Lucaciu is big on experimentation. His infrastructure and small engineering team all have the green light to make product decisions, measure KPIs and adjust internal features. His vigilance with every step of the purchase funnel reinforces his trust in his team and his willingness to take risks.

Marketing activities are closely tied to the team’s experiments. “To make the best decisions, I want our people to use their brains for important stuff,” he noted. “Technology liberates the headspace of all our colleagues – and the creative ideas from technology help the customer. Using capital efficiency, we can do much more effective things when we’re focused on the customer. By making decisions with fewer people, we can have a bigger impact.”
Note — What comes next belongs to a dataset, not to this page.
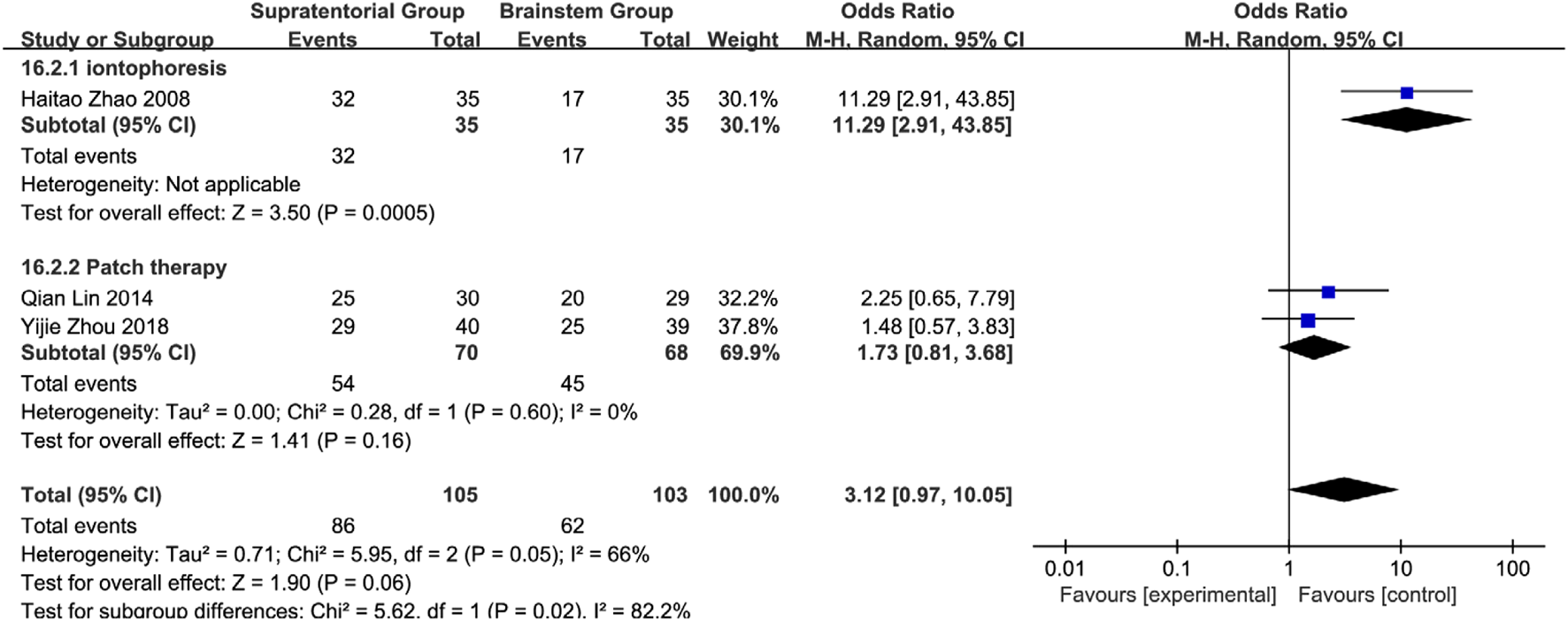 | Luo et al. (2018) | 2018 | 35/35 | 43–82/39–85 | 14 days | ①②④ | Acupoint application + rehabilitation | Rehabilitation | Lianquan point | Supratentorial | Kansui Radix, Sinapis Semen, Ephedrae Herba, Asari Radix et Rhizoma |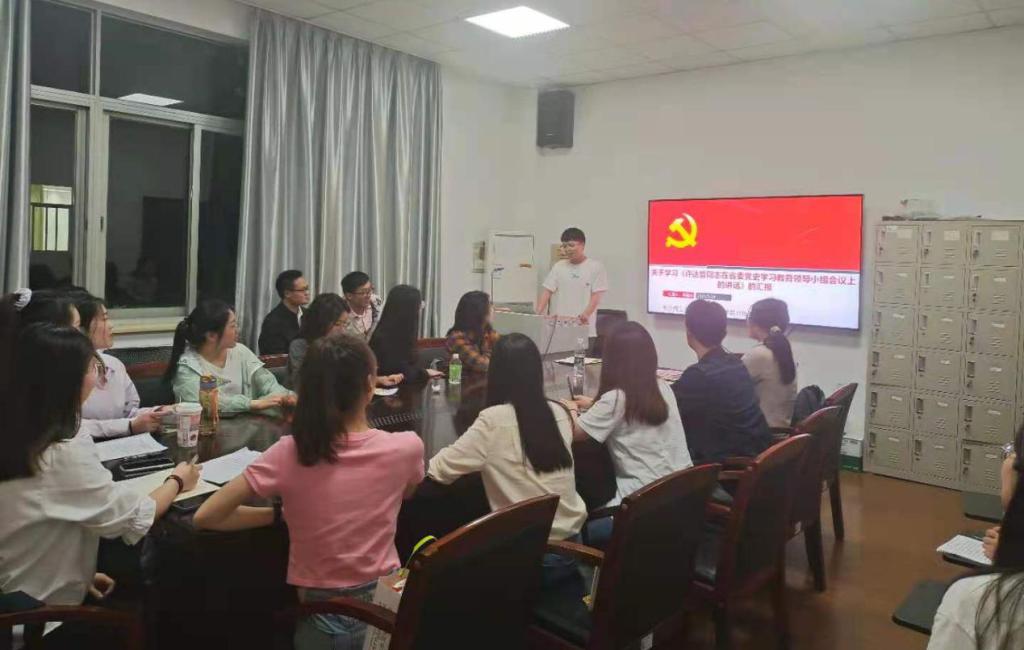 首先,支部书记李袁远同志在会前深入学习讲话精神,作了大量准备工作,会上以关于学习《许达哲同志在省委党史学习教育领导小组会议上的讲话》的汇报为主题,围绕我们为什么要学习这个讲话、对讲话内容本身的归纳总结、学习收获心得及总结等三个方面道出了自己在学习中的所感所悟。他指出,学习这个讲话是由我们“爱学习”“爱党”“爱红色”的三重身份决定的,是由党的发展需要决定的,更是由党自身发展的规律和个人学习的规律决定的。他认为讲话内容主要从三方面展开。第一,讲话伊始就锚定了方向,明确了要求。第二,讲话中提到要辩证的看待前段时间的工作,发扬优势,改进薄弱环节。第三,根据实际情况阐明了下一步的具体工作举措。此外,他号召大家在态度上提高政治站位,在学习上做到自觉主动学习,在工作中做到脚踏实地、认真负责,真正成为守初心、担使命、传播正能量的时代新人。全体成员在支部书记李袁远同志的领学下感触良多,既扎实了理论基础也提高了党性修养。

The focus on metrics and customer behavior has helped Adore Me achieve a lower cart abandonment rate and higher conversion rate. Lucaciu’s efforts are supported by the recent Checkout Conversion Index, which showed that at the end of Q4, the overall CCI score was 54.6, an increase of 3.2 points since Q1 (an increase of 6.3 percent). This translated into approximately $97.8 billion in sales that were put at risk due to checkout friction, a 43.7 percent decrease in less than a year’s time.

It also reflects improvements not only in retailers’ desktop conversion rates, but also their mobile conversion rates. PYMNTS research shows that 1.9 of every 100 mobile browsers hit “buy” in Q4 of 2019, an increase of 0.1 percentage points since Q1. At the same time, the share of consumers who bought products they browsed on retailers’ desktop sites increased 0.23 percentage points to 4.1 between Q1 and Q4 of 2019.

While they’re confident in their eCommerce expansion, Adore Me has been cautious about brick-and-mortar expansion, regarding Victoria’s Secret as a cautionary tale.

“Right now, we're taking each of the stores to the best level that they can be and doing a lot of innovation there,” Lucaciu said. “We have magic mirrors in each of the six stores, and analytics feeds that drive merchandising and inventory management. And again, the people in the stores are super important, more so than the technology.”

Adore Me is not about to be seduced by the VC money that might make expansion easier but could impede innovation. As Lucaciu noted, he doesn’t want to have money to burn and inventory to waste. In fact, that might just be the company’s philosophy in a nutshell.